Intolérance des papimanes, intolérance des papefigues, Rabelais les repousse toutes deux également ; il devance son temps et, comme le dit M. Nisard, « il tend la main, par dessus quarante années de guerre civile, aux auteurs de la Ménippée ».

III

La mort de Henri II, quelques mois après l’enregistrement forcé de l’édit sur l’Inquisition, qui mettait le Parlement et la France aux pieds de Rome, clôt l’ère des transactions et des batailles de plume, pour inaugurer celle de la guerre civile. L’échec du colloque de Poissy en 1561, cette tentative suprême de réconciliation entre les catholiques et les huguenots, fait tomber les dernières espérances. La guerre, la guerre seule tranchera désormais la question. Elle commence bientôt, cette guerre hideuse, cette guerre de trente ans qui va couvrir la France de sang et de ruines, anéantir la maison de Valois et faire surgir les actes d’héroïsme les plus sublimes et les cruautés les plus abjectes.
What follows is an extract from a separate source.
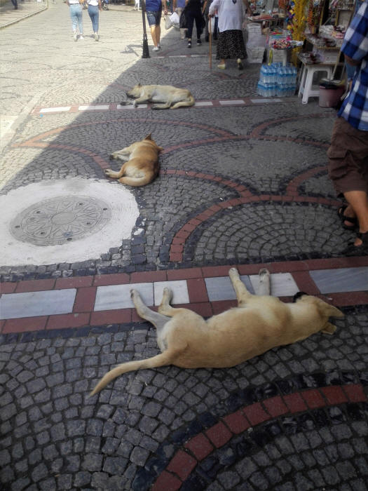 Impresionante la cantidad de perros callejeros que se pueden ver por pueblos y ciudades, no hacen nada la verdad, por no hacer ni ladran..., se tumban en las sombras y esperan que alguien les de de comer..., son en su gran mayoría perros grandes como los de la foto...

Elle commence par le massacre de Vassy, en 1562 ; elle se poursuit par la Saint-Barthélémy, en 1572, et se termine au milieu des fureurs de la Ligue, en 1594.

À chaque étape, le crime grandit, le délire augmente ; à chaque étape aussi, la satire devient plus violente, plus effrénée.

Avant d’étudier cette seconde et sombre période de l’histoire de la satire au XVIe siècle, il convient d’examiner brièvement quel fut le rôle du clergé catholique pendant ces tristes années.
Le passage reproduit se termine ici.